A Festa da Menina Morta



Impossível, para mim, não comparar este A Festa da Menina Morta com o Feliz Natal dirigido por Selton Mello. Não só por ser a estréia de dois atores na direção, que fazem tudo que vêem pela frente no cinema nacional (aqui Matheus Nachtergaele), mas por serem dois filmes distintos que lidam com temas semelhantes: ambos são filmes sobre tradições, conflitos familiares. Mas enquanto o filme de Selton Mello exalava uma arrogância que atrapalhava o filme, este A Festa da Menina Morta se mostra muito mais sensível e surpreendente.

Não que não tenha sua parcela de erros: a primeira parte do filme que mostra a preparação da festa falha terrivelmente em apresentar os personagens e como suas histórias se ligam: vemos um quebra-cabeças, mas o diretor não nos deixa ver como a imagem está se formando, algo que prejudica até mesmo as atuações, principalmente a de Daniel de Oliveira, que interpretando o Santinho, só ganha credibilidade depois da metade do filme: de início, parece exagerado e caricato; só depois faz sentido.

Por outro lado, é impossível não elogiar o ato final do filme que não apenas fecha os arcos dramáticos mal apresentados no início de maneira inteligente e sensível, como também desfere um golpe no estômago do espectador, ao nos surpreender (principalmente) com o discurso de Santinho, ao final. Se o filme parece lamentar a maneira como aquela pequena população vive a 20 anos a ilusão de um milagre, e como isso parece prender os habitantes aquela vida, ao final a sensação é a de que, apesar dos nossos julgamentos, a relação entre as pessoas acaba funcionando daquela forma, algo que só aumenta a melancolia no fim da história.

NOTA: 7,5

2 comentários:

Elton Telles disse...

Também concordo que o filme de Nachtergaele é superior ao de Selton Mello, mas isso não significa que "A Festa da Menina Morta" seja um filme imperdível. Curioso que o que tu aponta como erro, eu logo vejo como uma das maiores qualidades do filme: a despretensão e comodidade do diretor em apresentar sua história durante o primeiro ato do filme. Gosto quando tudo vai se amarrando cena por cena até o espectador se tocar o tema e ambientação do filme.

E concordo que as atuações estão mesmo teatrais. Daniel de Oliveria se revela cômodo no papel do Santinho, mas os exageros na composição do personagem prejudicam muito sua caracterização. E o ponto mais fraco do projeto, na minha opinião, reside justamente na direçao falha de Nachtergaele. Como diretor novato, abusa de ângulos e técnicas que não colaboram com a história e tudo acaba tornando um exercício visual sem alma, vazio. Porém, a história em si é suficientemente interessante e hipnotiza o espectador, culminando no surpreendente desfecho do filme.
Bom o texto, embora divergimos de alguns pontos =]

abraço!

ah, fiz um blog também recentemente. Ainda está engatinhando...

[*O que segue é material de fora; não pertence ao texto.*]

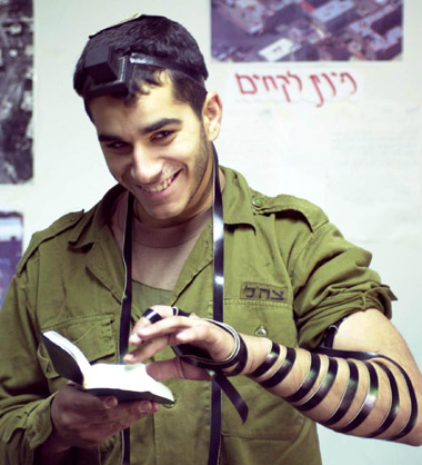 Conforme los judíos usan la <Kipa> o el <Talit>, también usan una especia de delantal en la cintura llamado <Tzitzi>, el cual tiene 613 flecos que representan los 613 preceptos que debe de observar[5] todo judío. Lo deben llevar puesto en la cintura, según las ordenanzas de Moisés (Números 15:37-41). Además deben ponerse en la frente y en el brazo izquierdo una cajita llamada <Tefilin>[6], que contiene dentro los diez mandamientos. La cajita del brazo llevará unas correas que se llaman «filacterias», y tienen que dar siete vueltas desde la palma de la mano hasta el brazo, y representa la obediencia al mandato de Deuteronomio 6:6-8. Es una forma literal de aplicar a su liturgia la Palabra de Dios. Todo esto es liturgia simbólica de lo que en realidad debe de ser la ley de Dios en nuestras vidas. Pero ¿De qué nos vale hacer todos estos ritos, si no obedecemos en la práctica las enseñanzas dadas? ¿Nos salva llevar la ley en el brazo o en la frente, o más bien debemos escribirlas en el corazón? Pablo nos dice en 2 Corintios 3:2-4: «Nuestras cartas sois vosotros, escritas en nuestros corazones, conocidas y leídas de todos los hombres; Siendo manifiesto que sois carta de Cristo extendida por nosotros, escrita no con tinta, mas con el Espíritu del Dios vivo; no en tablas de piedra, sino en tablas de carne del corazón. Y tal confianza tenemos por Cristo para con Dios».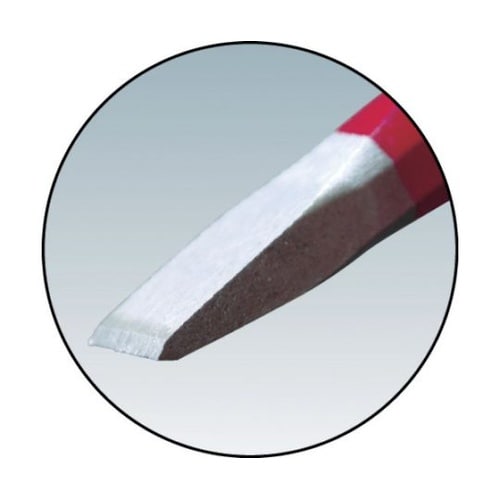 高周波焼入をし、高硬度、耐久力は抜群です。刃先は厚い両刃で割り作業、ハツリ作業に適しています。刃幅に合わせた八角軸径を使用しており、ハンマーの打撃が効率よく刃先に伝わり、打感の良さが実感できます。 |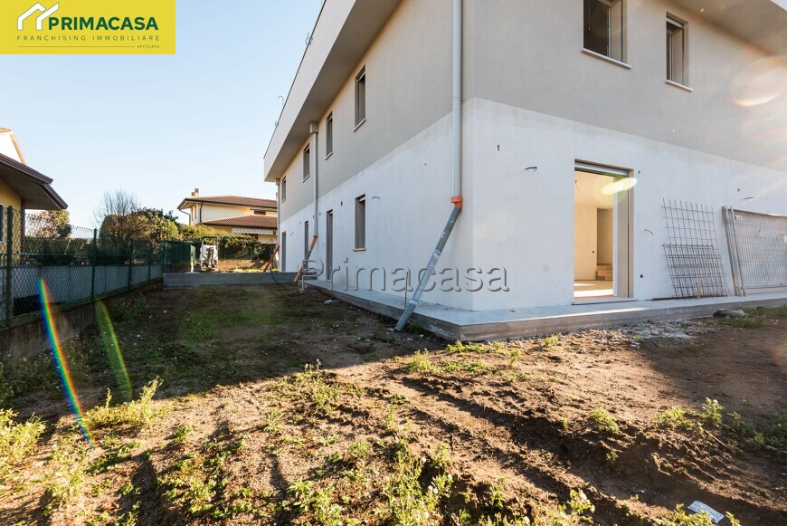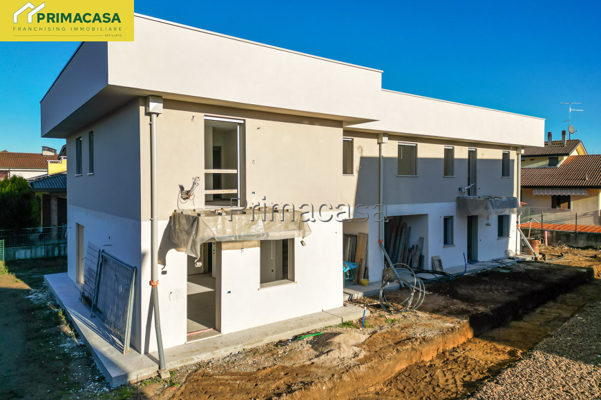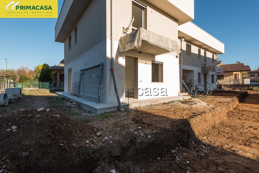 In fase di ultimazione, nuova ampia porzione di bifamiliare con spazioso giardino privato sui tre lati, completamente indipendente (anche la struttura è indipendente dall’ altra unità, con doppi pilastri e solai interrotti per un isolamento acustico totale) composta da ampio soggiorno con cucina a vista, bagno, box auto con basculante sezionale motorizzata, posto auto coperto e posto auto scoperto al piano terra; tre spaziose camere, bagno, ampia lavanderia/stireria e terrazzino al piano primo. Ingresso carraio e pedonale autonomo e nessuna spesa condominiale.

http://www.pospremiere.blogspot.com/

Tiago Lipka disse...

Olá Elton,

Entendo que a idéia do filme tenha sido justamente envolver o público aos poucos, mas na minha opinião, não consegue, e entendo perfeitamente quem desistiu de ver o filme pelo seu início.

Quanto a direção do Matheus Nachtergaele, apesar de alguns equívocos comuns em diretores novatos, achei que ele fez um bom trabalho, principalmente nos planos mais longos.